ACTION ITEM:
Only the lines from the beginning of the data through the one with "- 게임 벤치 애플리케이션과" belong in the answer, each retyped exactly, with pictures left out.

DATA SHOWN:
○ ○ ○ ○ ○

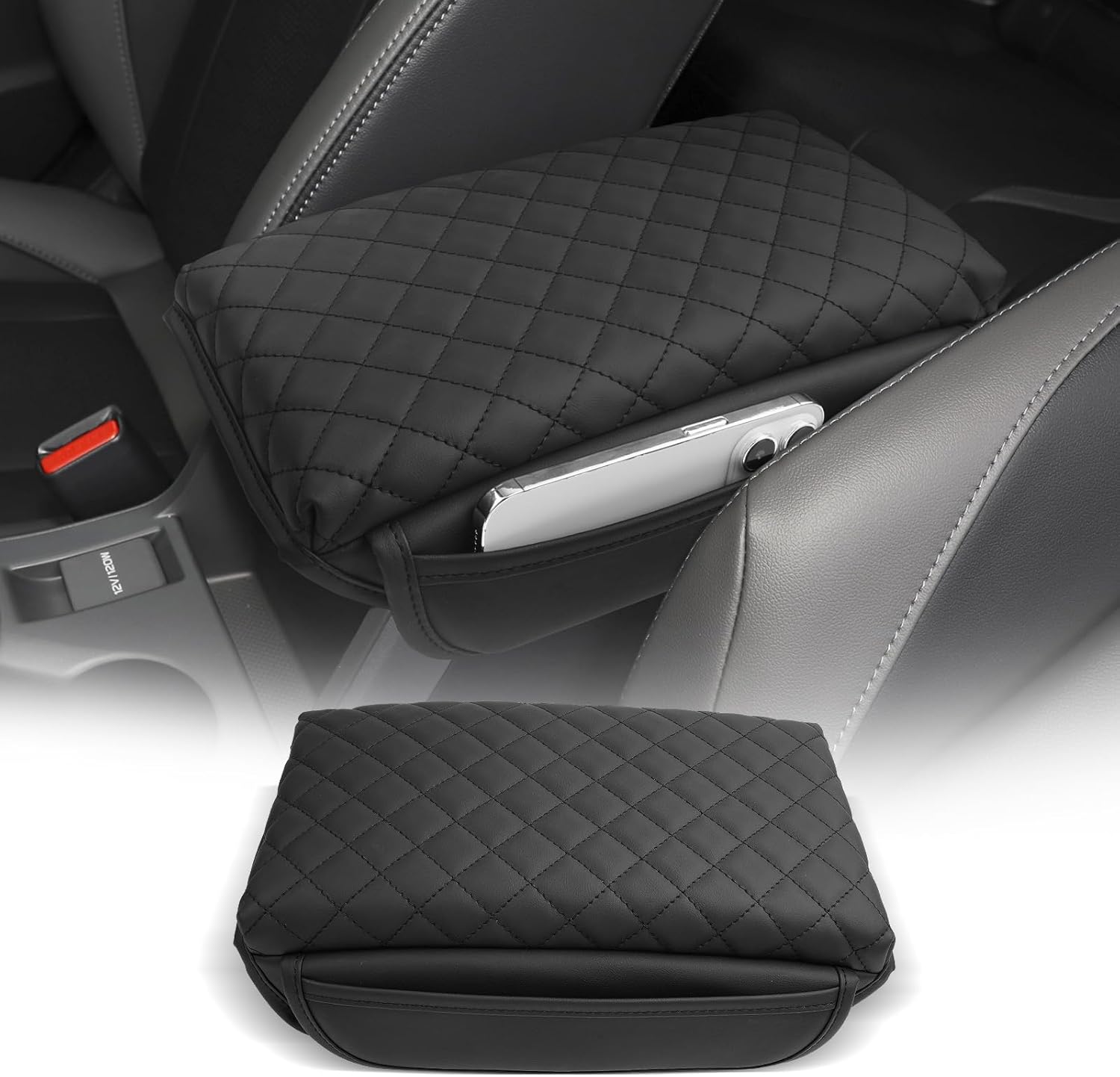 - [Easy To Install] Designed with a flexible elastic band to secure it to the center console (no tools required). With super stretch and pull resistance, it will not change the open/close function of the armrest box.
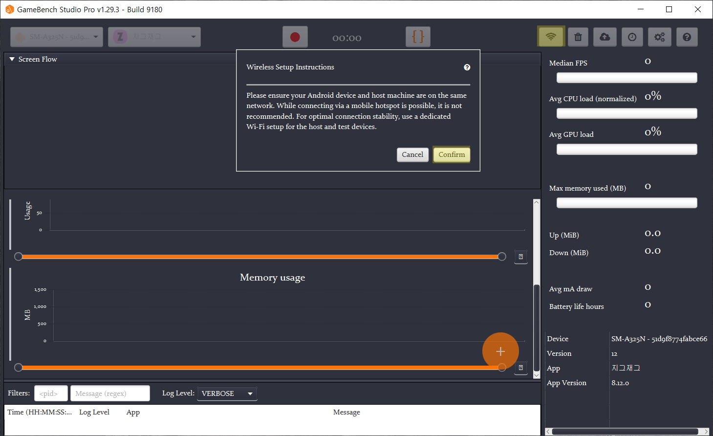 - 게임 벤치 애플리케이션과 테스트 디바이스의 인터넷이 동일한 와이파이에 연결된 상태
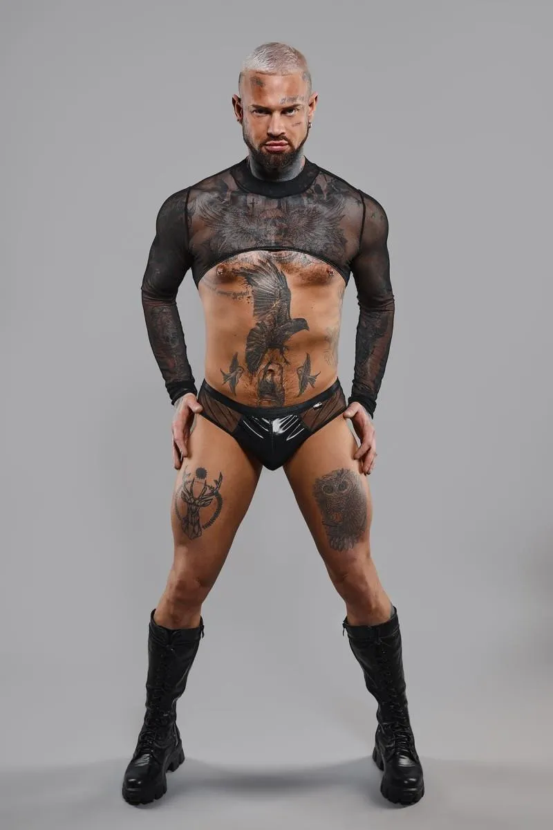 Odkryj zmysłowość i elegancję z topem z długimi rękawami Regnes Fetish Planet, wykonanym z wysokiej jakości czarnego tiulu. Ten stylowy element odzieży nie tylko dobrze się prezentuje, ale również skutecznie podkreśla sylwetkę, dzięki zastosowanemu elastycznemu materiałowi, który z łatwością dopasowuje się do ciała. Efektowne wycięcia na plecach i brzuchu dodają całości niepowtarzalnego charakteru, zapewniając jednocześnie komfort noszenia.
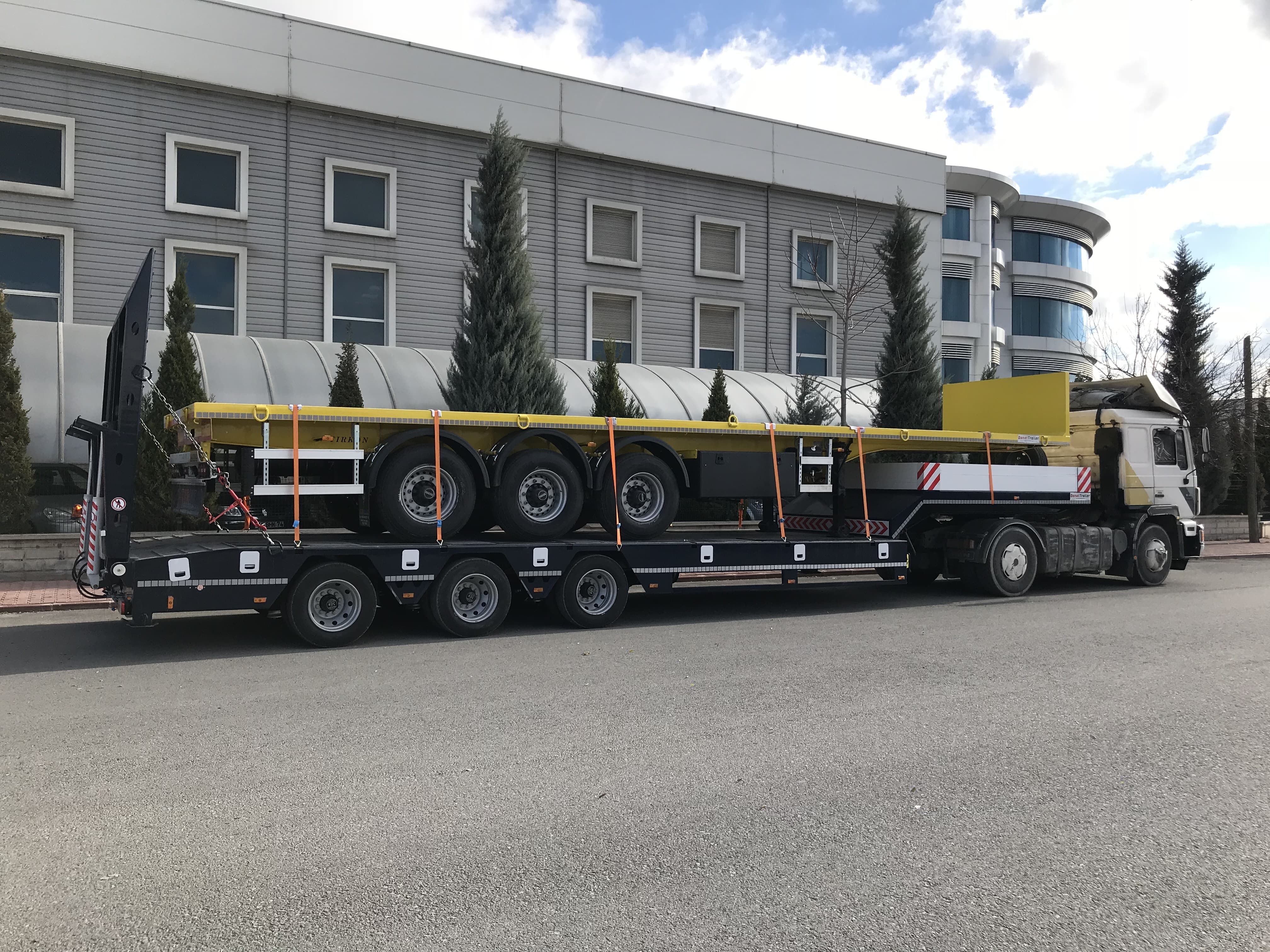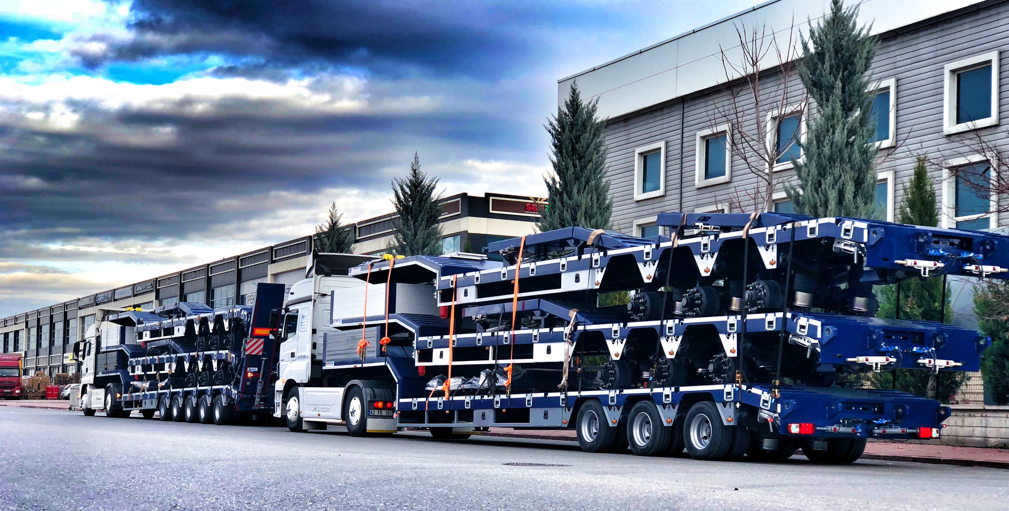 ŞASE: Low-Bed şasisi 20 mm x 150 mm(ST 52 A kalite) alt ve üst lama, 10 mm ST 52 göbek saçından toz altı kaynak makinesi ile kaynak edilir "I" kesitli olarak 2 adettir. Şasi alttan şasiyi boydan boya geçen 160 NPI traverslerle desteklenmektedir. (Müşteri isteğine göre araç uzamalı yapılabilir)

○ ○ ○ ○ ○

SOLUTION FOR THIS PROBLEM:
 - [Easy To Install] Designed with a flexible elastic band to secure it to the center console (no tools required). With super stretch and pull resistance, it will not change the open/close function of the armrest box.
 - 게임 벤치 애플리케이션과 테스트 디바이스의 인터넷이 동일한 와이파이에 연결된 상태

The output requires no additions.